As dúvidas e questionamentos expostos pelos participantes são relacionados às compras de terras feita pela mineradora, às desapropriações e indenizações. Sobre a política de indenizações da empresa comentaram sua forma especulativa e indigna e as tensões internas que provoca. Destacaram a oferta de empregos do projeto como a maior “mentira”, “falsa”, e reafirmaram a importancia do garimpo na Volta Grande do Xingu para a economia de Altamira e toda a região da Volta Grande do Xingu.

No domingo 20 de agosto os garimpeiros e garimpeiras estiveram presentes na sede da Cooperativa dos Garimpeiros da Ressaca e Ilha da Fazenda para debater as situações dos garimpos.

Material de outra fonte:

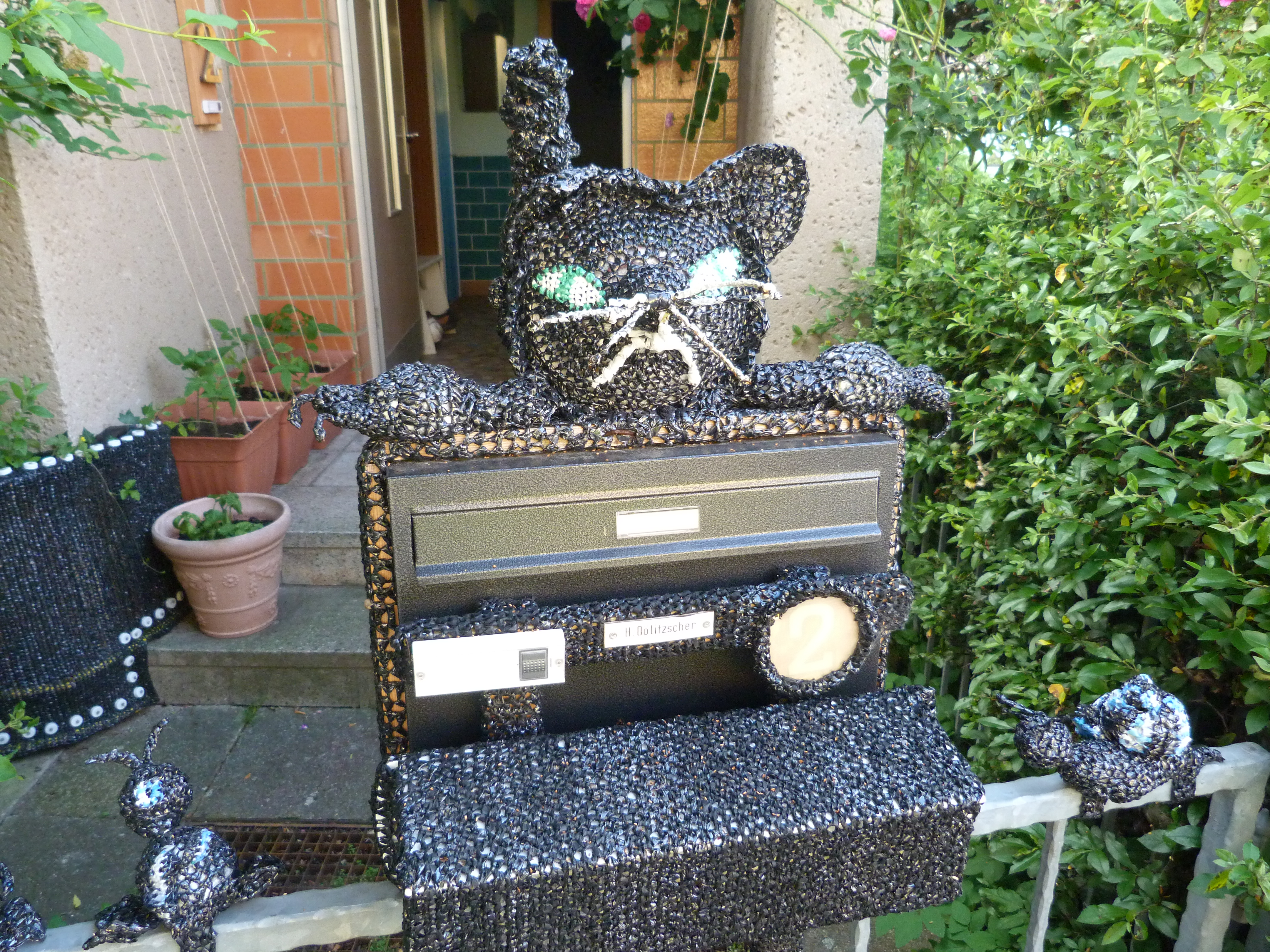 Ist sie nicht wirklich bestrickend, diese Briefkatzen-Katze?! Sie kann allerdings auch gehäkelt sein, das ist nicht so zu erkennen. Man darf nämlich nur kurz hinschauen, nur einen Augenblick, sonst zieht man sich in diesen eine unheilbare Krankheit zu, den Pupillenkrebs. Staunend blieb ich vor diesem Anwesen in einem idyllischen Dorf mitten im Thüringschen stehen, wollte schon klingeln, um nach weiteren Dekorationssünden zu fragen und das Innere zu besichtigen, doch mein Gatte zog mich unerbittlich weiter, er bräuchte jetzt dringend ein weiteres Bier oder auch besser noch zwei. Kulturbanause!

No trabalho de campo foram visitados os “serviços” de garimpeiros para extrair ouro da Ressaca, Grota Seca, Serrinha, Galo e Ouro Verde, que representam a resistência ante o projeto da Mineradora Belo Sun. Nas noites foram apresentados alguns vídeos (Belo Monte: depois da inundação e outro sobre o desastre da Samarco) e realizados debates sobre notícias em matéria de mineração no Brasil.

Os garimpeiros mencionaram que eles praticam o garimpo, mas também possuem roças, retiram o açaí (plantados nas terras mineradas), pescam, além de ser mecânicos, comerciantes, descobridores de minerais, inventores de soluções e inovadores. Na fotografia três garimpeiros consertam um “moinho” de pedras.

Na fotografia, os ribeirinhos e pescadores que moram na ilha da Fazenda assistem o vídeo documentário acima citado.

As oficinas da nova cartografia social na Ilha da Fazenda foram marcadas para os dias 22 e 23 de agosto. O resultado da atividade foi um conjunto de quadros, resumo da situação dos ribeirinhos e pescadores na Ilha de Fazenda, após a inundação do lago e funcionamento da UHE Belo Monte. Um destaque foi dado à mudança dos cardumes e desaparecimento de espécies, como o peixe Curimatá. Já o Pacu, dizem, “ficou magro”. Também as mudanças do rio, que antes não tinha bancos de areia. Hoje o rio está sem velocidade e está ficando a área, foi a explicação deles.

Na oficina foram feitas legendas indicando a situação das espécies. O Sr. Miguel fez o desenho dos peixes, entre eles de um Tucunaré.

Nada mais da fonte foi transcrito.